** Opening Records provided block **
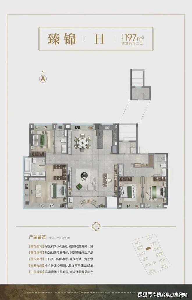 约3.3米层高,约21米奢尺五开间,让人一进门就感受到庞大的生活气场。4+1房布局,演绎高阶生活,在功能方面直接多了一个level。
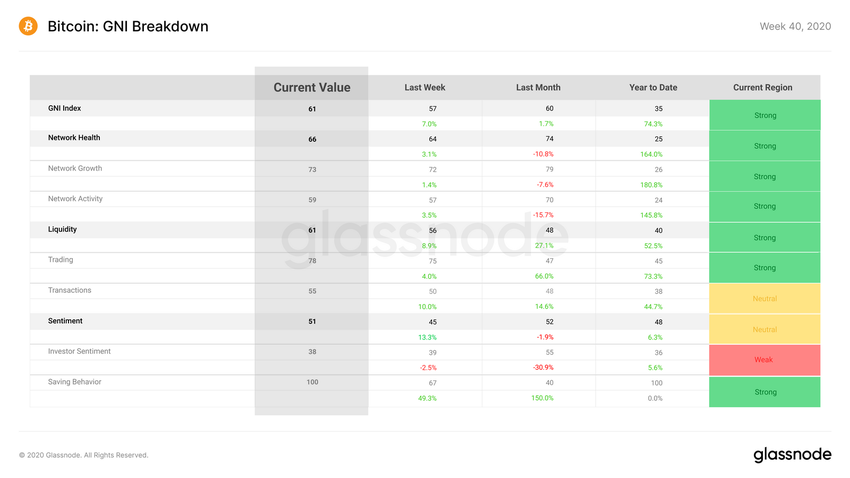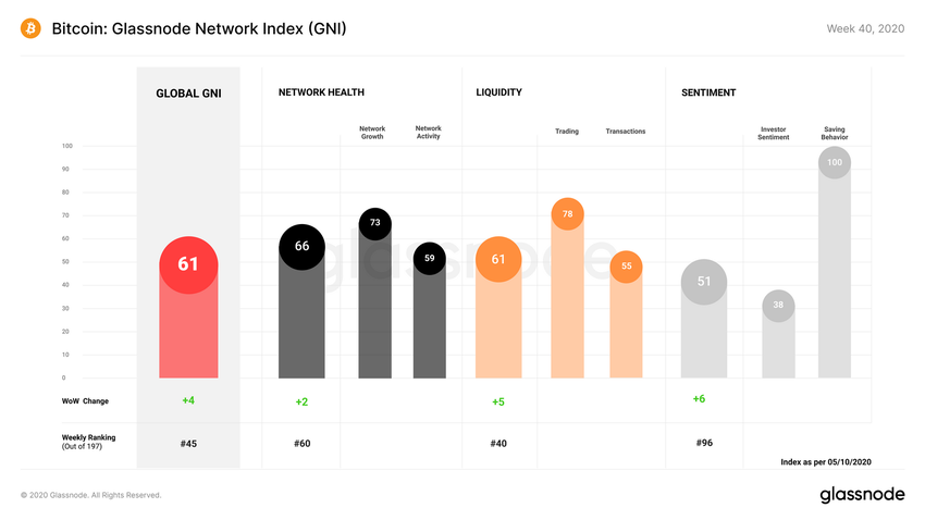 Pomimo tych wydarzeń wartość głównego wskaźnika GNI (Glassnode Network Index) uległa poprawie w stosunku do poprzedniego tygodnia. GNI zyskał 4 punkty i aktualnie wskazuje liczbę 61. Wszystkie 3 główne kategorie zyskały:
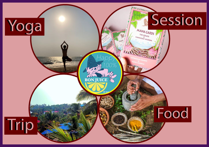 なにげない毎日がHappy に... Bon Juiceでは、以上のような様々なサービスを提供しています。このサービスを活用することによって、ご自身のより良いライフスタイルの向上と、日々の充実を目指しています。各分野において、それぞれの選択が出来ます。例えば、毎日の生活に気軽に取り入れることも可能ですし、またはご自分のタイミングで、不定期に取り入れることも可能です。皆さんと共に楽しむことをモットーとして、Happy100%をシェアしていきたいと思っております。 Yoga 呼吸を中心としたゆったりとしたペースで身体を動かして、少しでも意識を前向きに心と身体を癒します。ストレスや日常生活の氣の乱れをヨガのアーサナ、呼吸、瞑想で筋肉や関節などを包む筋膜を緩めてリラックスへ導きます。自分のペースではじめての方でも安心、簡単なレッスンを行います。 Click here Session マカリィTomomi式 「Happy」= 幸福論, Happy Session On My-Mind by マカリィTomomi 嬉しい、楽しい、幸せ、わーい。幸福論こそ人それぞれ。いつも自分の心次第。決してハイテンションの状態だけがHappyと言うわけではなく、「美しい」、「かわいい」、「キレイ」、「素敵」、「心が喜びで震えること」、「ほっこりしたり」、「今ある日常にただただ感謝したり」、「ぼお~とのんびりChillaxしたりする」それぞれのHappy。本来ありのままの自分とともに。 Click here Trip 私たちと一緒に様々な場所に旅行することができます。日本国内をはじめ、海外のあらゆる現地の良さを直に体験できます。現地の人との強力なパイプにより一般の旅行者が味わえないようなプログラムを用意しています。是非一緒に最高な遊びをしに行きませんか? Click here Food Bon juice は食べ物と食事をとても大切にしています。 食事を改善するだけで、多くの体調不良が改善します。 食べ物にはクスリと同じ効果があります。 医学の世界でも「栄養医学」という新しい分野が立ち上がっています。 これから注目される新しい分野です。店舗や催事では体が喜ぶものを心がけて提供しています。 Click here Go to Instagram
** Closing Records provided block **
** Opening Records provided block **
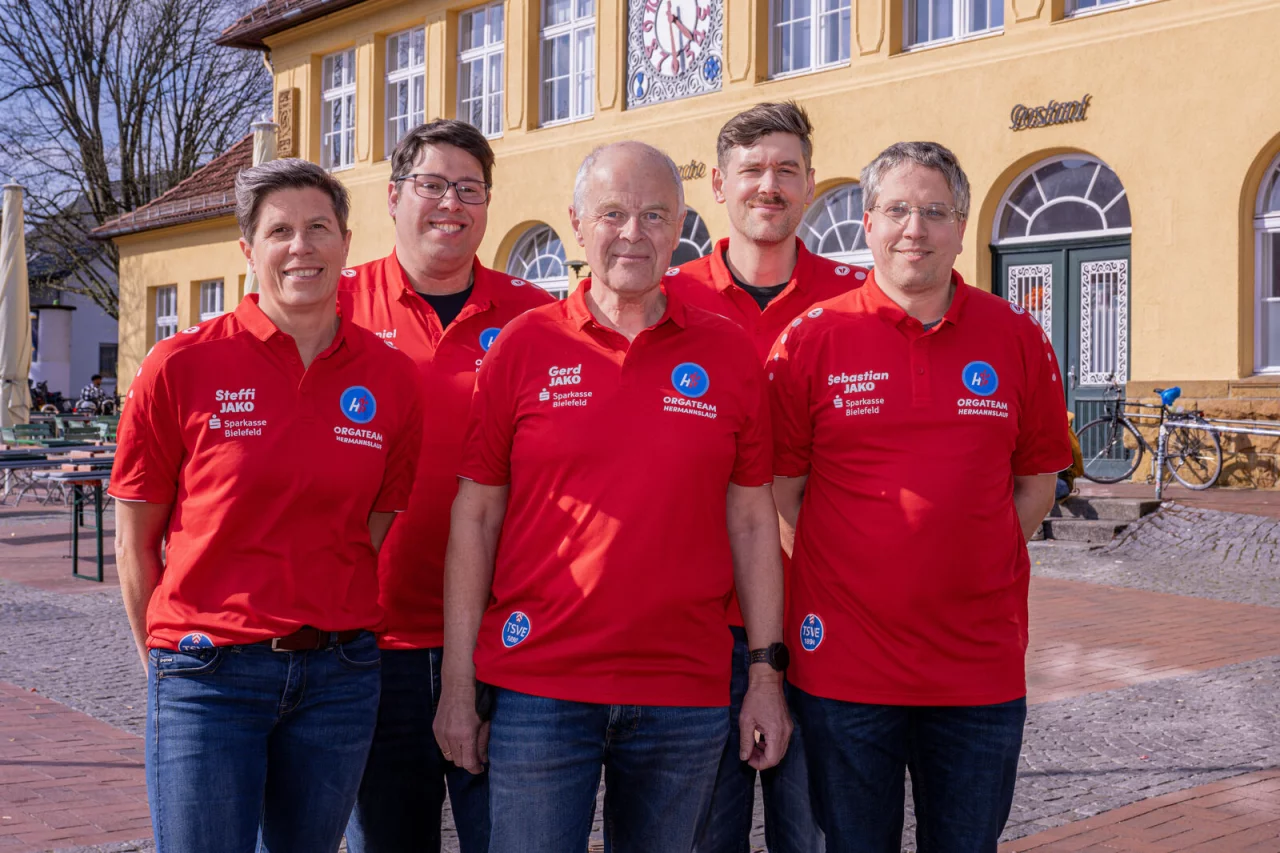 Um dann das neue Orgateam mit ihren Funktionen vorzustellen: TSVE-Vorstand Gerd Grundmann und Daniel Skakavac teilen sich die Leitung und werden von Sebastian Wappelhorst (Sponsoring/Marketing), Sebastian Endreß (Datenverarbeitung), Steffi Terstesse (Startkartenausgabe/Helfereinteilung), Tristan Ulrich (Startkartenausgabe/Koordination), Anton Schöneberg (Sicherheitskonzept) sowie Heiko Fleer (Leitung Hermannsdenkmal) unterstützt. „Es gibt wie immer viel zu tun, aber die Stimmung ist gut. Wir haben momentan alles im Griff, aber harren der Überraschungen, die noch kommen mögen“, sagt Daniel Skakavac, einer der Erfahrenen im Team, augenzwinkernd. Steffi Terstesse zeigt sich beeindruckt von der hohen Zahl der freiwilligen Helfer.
** Closing Records provided block **
** Opening Records provided block **
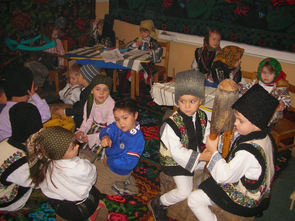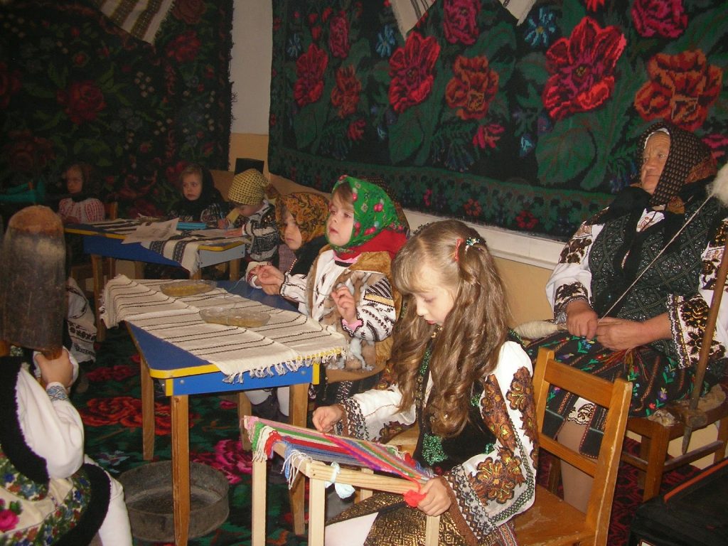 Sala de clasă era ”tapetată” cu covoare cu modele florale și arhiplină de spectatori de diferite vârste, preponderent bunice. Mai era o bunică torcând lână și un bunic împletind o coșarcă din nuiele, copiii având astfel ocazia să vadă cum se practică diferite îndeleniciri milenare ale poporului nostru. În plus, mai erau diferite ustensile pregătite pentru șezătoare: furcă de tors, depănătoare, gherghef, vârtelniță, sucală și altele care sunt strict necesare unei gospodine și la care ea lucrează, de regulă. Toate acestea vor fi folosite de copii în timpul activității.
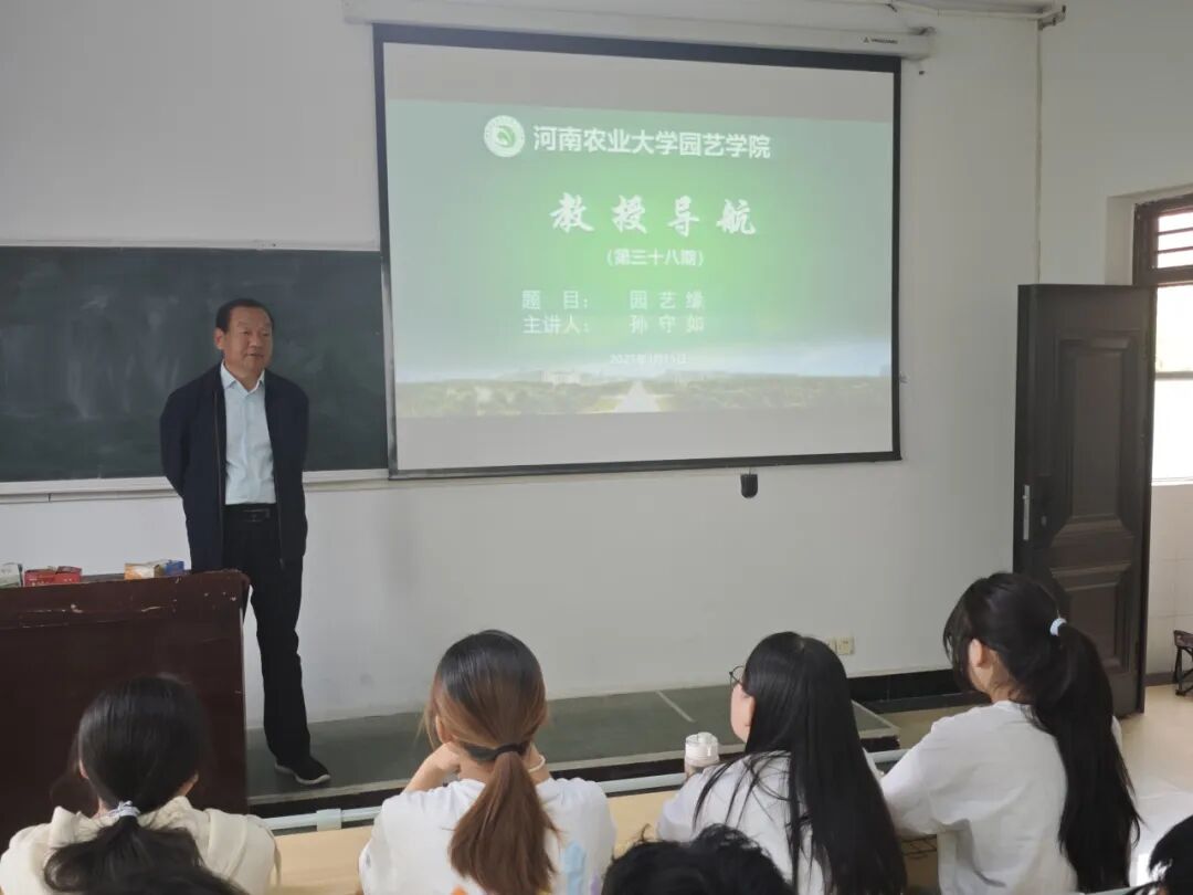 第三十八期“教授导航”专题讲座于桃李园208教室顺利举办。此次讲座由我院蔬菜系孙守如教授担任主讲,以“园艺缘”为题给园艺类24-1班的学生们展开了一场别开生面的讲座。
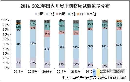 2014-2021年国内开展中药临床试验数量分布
** Closing Records provided block **
● Task to carry out:
Extract from the material above the stretch running from the line containing "Pomimo tych wydarzeń" through the line containing "なにげない毎日がHappy に... Bon". Keep the text exact and the pictures out.

● Output:
 Pomimo tych wydarzeń wartość głównego wskaźnika GNI (Glassnode Network Index) uległa poprawie w stosunku do poprzedniego tygodnia. GNI zyskał 4 punkty i aktualnie wskazuje liczbę 61. Wszystkie 3 główne kategorie zyskały:
 なにげない毎日がHappy に... Bon Juiceでは、以上のような様々なサービスを提供しています。このサービスを活用することによって、ご自身のより良いライフスタイルの向上と、日々の充実を目指しています。各分野において、それぞれの選択が出来ます。例えば、毎日の生活に気軽に取り入れることも可能ですし、またはご自分のタイミングで、不定期に取り入れることも可能です。皆さんと共に楽しむことをモットーとして、Happy100%をシェアしていきたいと思っております。 Yoga 呼吸を中心としたゆったりとしたペースで身体を動かして、少しでも意識を前向きに心と身体を癒します。ストレスや日常生活の氣の乱れをヨガのアーサナ、呼吸、瞑想で筋肉や関節などを包む筋膜を緩めてリラックスへ導きます。自分のペースではじめての方でも安心、簡単なレッスンを行います。 Click here Session マカリィTomomi式 「Happy」= 幸福論, Happy Session On My-Mind by マカリィTomomi 嬉しい、楽しい、幸せ、わーい。幸福論こそ人それぞれ。いつも自分の心次第。決してハイテンションの状態だけがHappyと言うわけではなく、「美しい」、「かわいい」、「キレイ」、「素敵」、「心が喜びで震えること」、「ほっこりしたり」、「今ある日常にただただ感謝したり」、「ぼお~とのんびりChillaxしたりする」それぞれのHappy。本来ありのままの自分とともに。 Click here Trip 私たちと一緒に様々な場所に旅行することができます。日本国内をはじめ、海外のあらゆる現地の良さを直に体験できます。現地の人との強力なパイプにより一般の旅行者が味わえないようなプログラムを用意しています。是非一緒に最高な遊びをしに行きませんか? Click here Food Bon juice は食べ物と食事をとても大切にしています。 食事を改善するだけで、多くの体調不良が改善します。 食べ物にはクスリと同じ効果があります。 医学の世界でも「栄養医学」という新しい分野が立ち上がっています。 これから注目される新しい分野です。店舗や催事では体が喜ぶものを心がけて提供しています。 Click here Go to Instagram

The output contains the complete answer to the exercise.